Architecture Diagram for BFF

Using a BFF Federation

Federation, as a concept, is not exclusive to GraphQL. In essence, it's about abstracting multiple data sources or services into a unified, single API interface that can be consumed by clients. This approach is not unique to any particular technology or framework and can be implemented with various tools and languages.

However, GraphQL has played a significant role in popularizing the concept of federation. With its strong typing, introspective capabilities, and its natural fit for defining schemas across distributed services, it has provided an elegant solution to the challenge of federating APIs.

While this blog discusses federation in the context of GraphQL, it's essential to understand that the core principles and challenges of the federation can be applied beyond GraphQL. Remember, the implementation of federation is not about a specific technology, but about the architectural approach to create a unified interface from multiple data sources.

With this in mind, let's delve into the pros and cons of the federation, using GraphQL as our main context for the discussion. As you'll see, the benefits and pitfalls of federation are relevant, whether you're using GraphQL or not.

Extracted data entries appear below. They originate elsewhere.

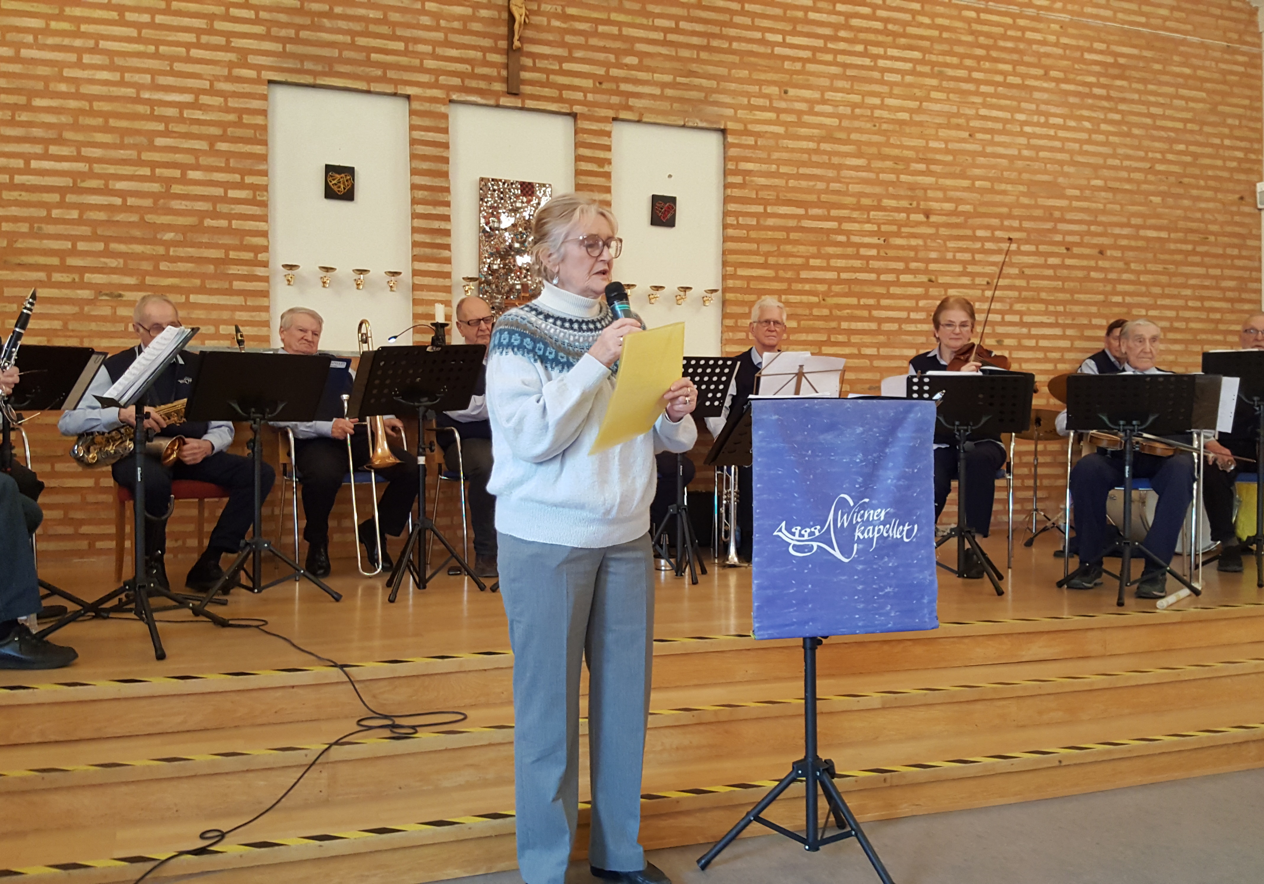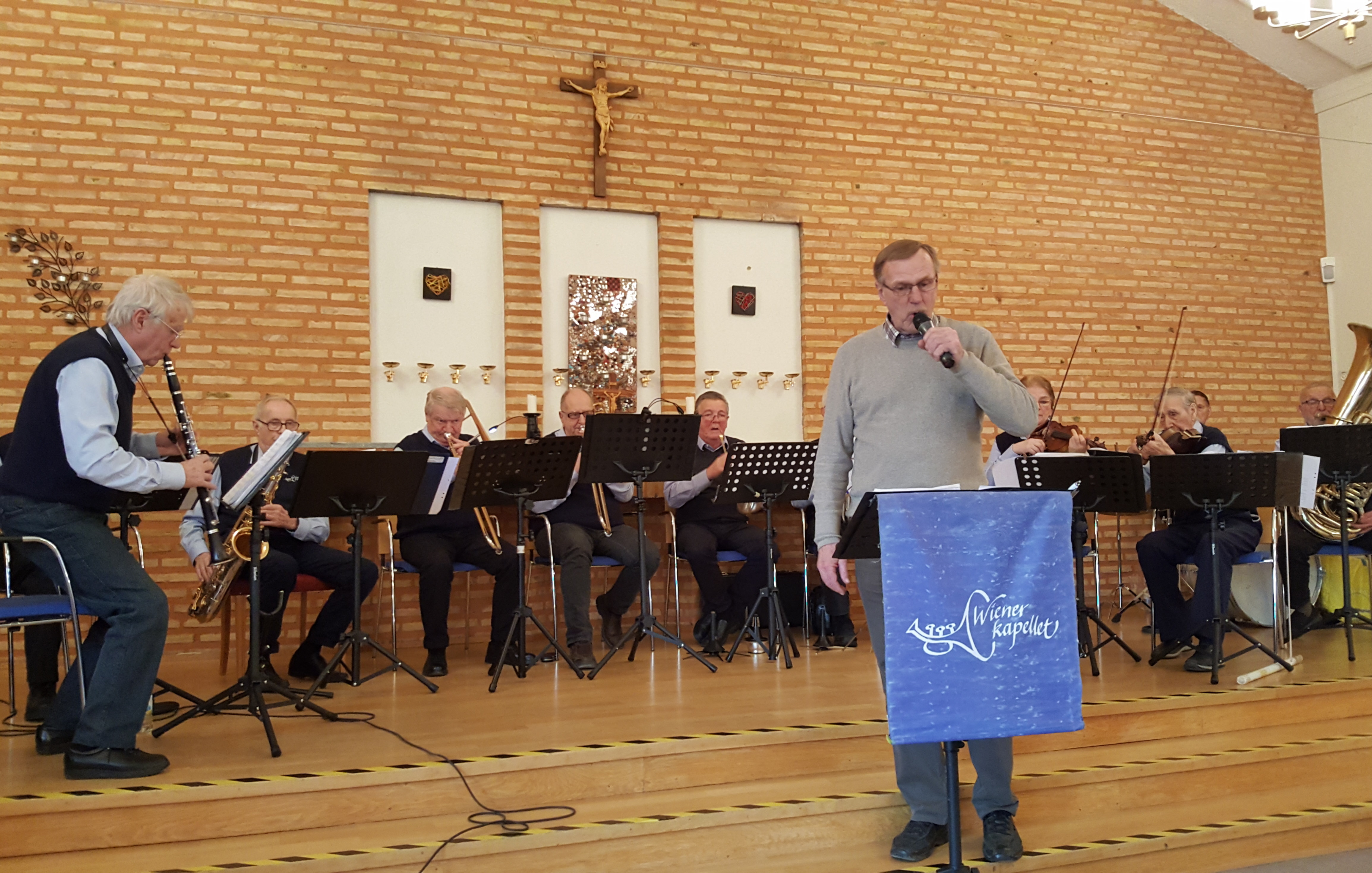 Orkestern spelar musik man känner igen, alltifrån smäktande wienervalser och marscher till nostalgisk 40-talsmusik, men även nyare musik finns på repertoaren. Första stycket var "Wien bleibt Wien," äkta Schrammelmusik, som vi alla kunde stampa takten till. Solister denna dag var Lars Forsberg och Hans Olofsson. Mellan musiknumren fick vi även lyssna till en och annan rolig historia som Lars berättade. Efter ett extranummer följde en lång, varm applåd som visade på allas vår uppskattning av programmet.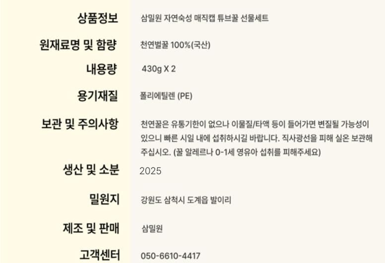 [삼밀원] 자연숙성 튜브꿀 선물세트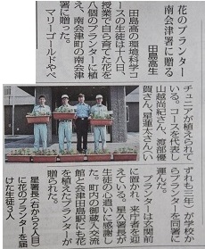 田島高校JRC委員会は11月19日~20日にかけて、校内での赤い羽根共同募金活動を行いました。全校生徒、教職員等から合計9397円が集まり、集めたお金を12月8日(火)に南会津町社会福祉協議会に全額寄付させていただきました。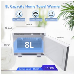 Capacidade Média: Com capacidade de 8L, este aquecedor comporta de 6 a 8 toalhas de banho comuns (28 x 15 polegadas) ou de 12 a 14 toalhas faciais (30 x 30 cm). Se precisar de mais espaço para toalhas de banho, recomendamos nosso modelo de 23L. Compacto e ideal para uso doméstico ou pequenos negócios, não ocupa muito espaço.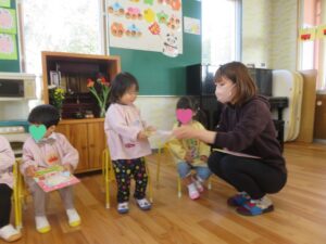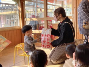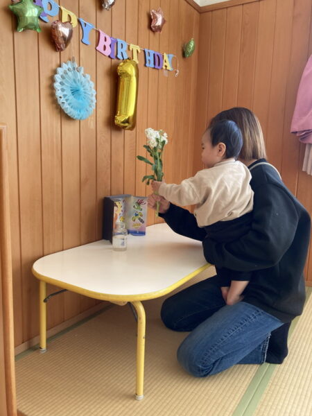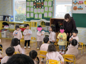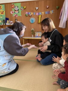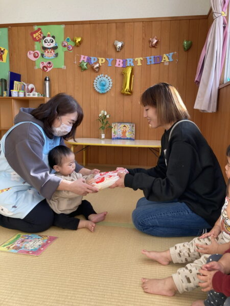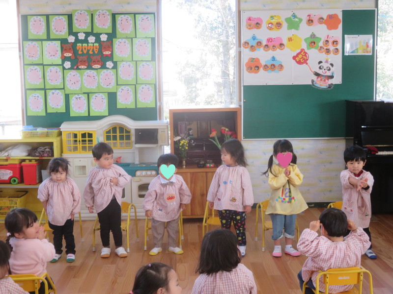 アルバム アルバム 9・10・12・1月生まれ誕生会 part1(もも・さくら・ひよこ組) 2026年2月3日 お誕生会がありました。写真は、もも組・さくら組・ひよこ組の様子です。 お友だちやおうちの方に、お祝いしてもらって嬉しそうですね! もも組さんは、今月のお誕生会で、みんな1歳になりました。いよいよ、お誕生会も、あと1回となります。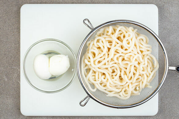 Die Nudeln in das kochende Wasser geben und in 2–3Min. bissfest kochen, dabei zwischendurch umrühren, um die Nudeln voneinander zu trennen. Mit einer Tasse etwas Kochwasser abschöpfen, die Nudeln mit einer Schaumkelle in ein Sieb geben, kalt abschrecken und beiseitestellen. Das Wasser erneut aufkochen, die Eier hineingeben, in ca. 6Min. weich kochen und kalt abschrecken.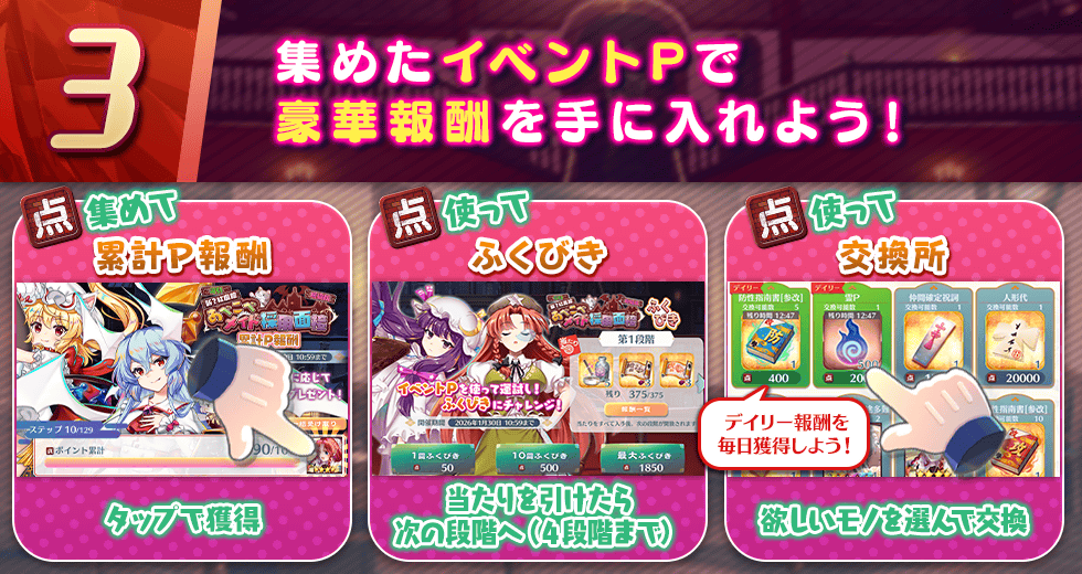 ※レアイベントPに累計報酬、ふくびきはありません。本イベント専用の交換所でのみ使用が可能です。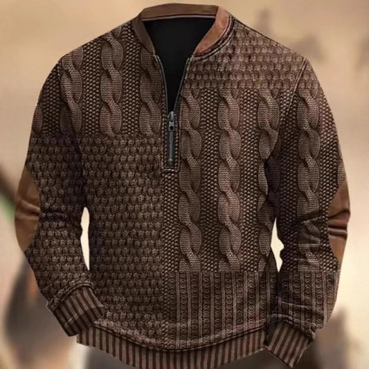 Men's Casual Half Zipped Stand Collar Long-sleeved Sweater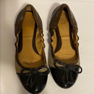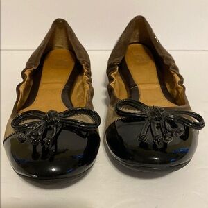 Nurture FlexibleTwo-Tone Ballet Flats Patent Leather Cap Toe Suede Bows Dainty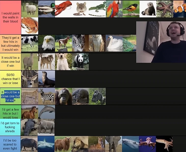 38. Пока спонсоры и Понасенков судились, Папич занимался по-настоящему серьезным делом: составил тир-лист животных, которых бы победил 1 на 1. В тире «Настолько бы испугался, что не стал бы драться» – бегемот, акула, медведь, лев, тигр, слон, кит, осьминог и кальмар. Зато овце, утке, крабу, мыши, различным птицам и хорьку он бы навалял.
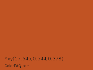 Yxy 17.645,0.544,0.378 Color is a normal orange color and the nearest color is Orange Roughy #c45719. Hex code #c15323 and RGB value is rgb(193,83,35). In RGB color space, this color is composed of 76% red, 33% green, 14% blue, In CMYK color space, this color is composed of 0% cyan, 57% magenta, 82% yellow , 24% black , In HSL color space, this color has a hue angle of 18° , 69% saturation and 45% lightness.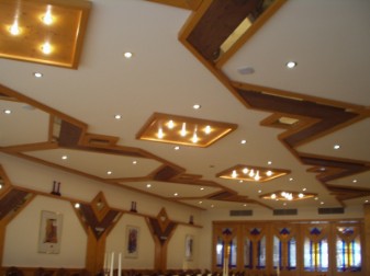 Innenausbau - Saal Wand- und Deckenverkleidung Fichte Massivholz Detail Wandelement Oberfläche honigfarbig / dunkel gebeizt, lackiert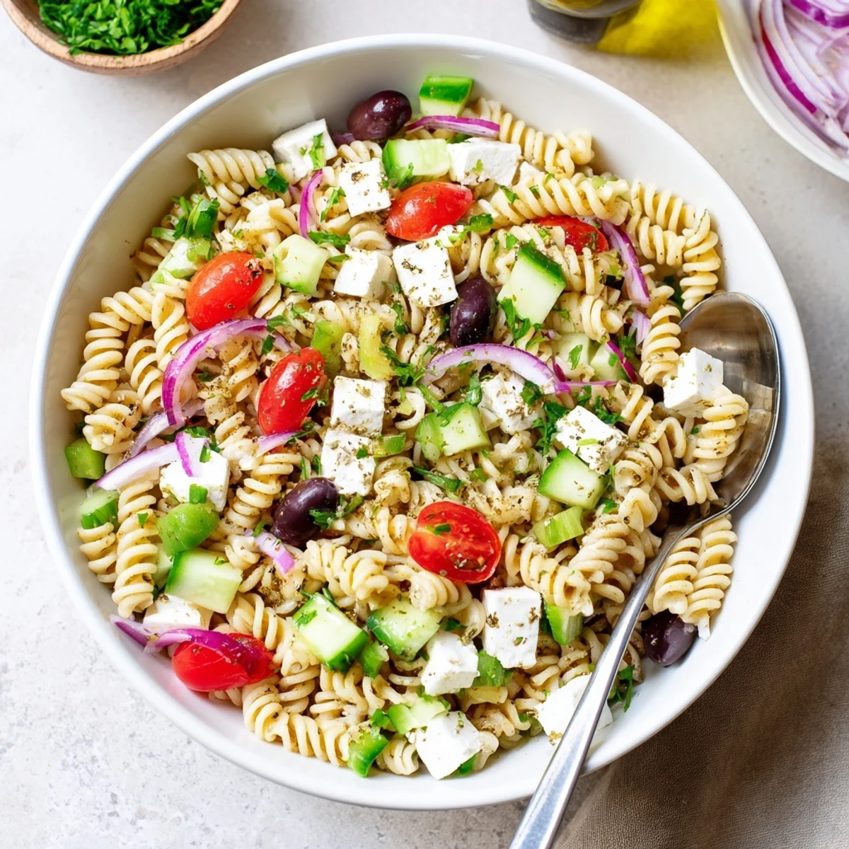 This vibrant Mediterranean bowl brings together al dente pasta with crisp cucumber, cherry tomatoes, red onion, and bell pepper. The star ingredients—creamy feta cheese and briny Kalamata olives—get coated in a classic Greek dressing of olive oil, red wine vinegar, garlic, and oregano. After tossing everything together, chilling for at least 15 minutes lets the flavors meld beautifully. The result is a refreshing dish that works perfectly for summer gatherings, meal prep, or quick weeknight dinners.

Federation is a concept that originates from the philosophy of microservices. This approach promotes the partitioning of large monolithic systems into smaller, more manageable components. In a federated architecture, instead of having a monolithic Backend-for-Frontend (BFF) handling all requests, you have multiple smaller BFFs that handle different aspects of the request.

Imagine a client makes a request to your system. This request still goes through an API gateway, which serves as the entry point to your system. However, instead of hitting a monolithic BFF, it now meets a BFF Router, specifically designed to understand and route requests to the appropriate BFFs.

The Router is smart. It understands the client's request and can break it down into smaller parts. It then delegates these smaller tasks to the appropriate services, each responsible for a specific aspect of the request. These services work in parallel, handling their part of the request, which often involves calling downstream microservices and orchestrating their responses.

Once the BFFs have finished their tasks, they send their responses back to the Router. The Router, in turn, takes these individual responses, combines them into a single response that fulfils the original request, and sends it back to the client.

This system, where individual services handle specific parts of a request in a coordinated manner, is often referred to as a Federation. The term "Apollo Federation" or "Super Graph" is commonly used to describe this setup when it's implemented with Apollo, a popular GraphQL implementation, but the concept is not limited to any specific technology or tool.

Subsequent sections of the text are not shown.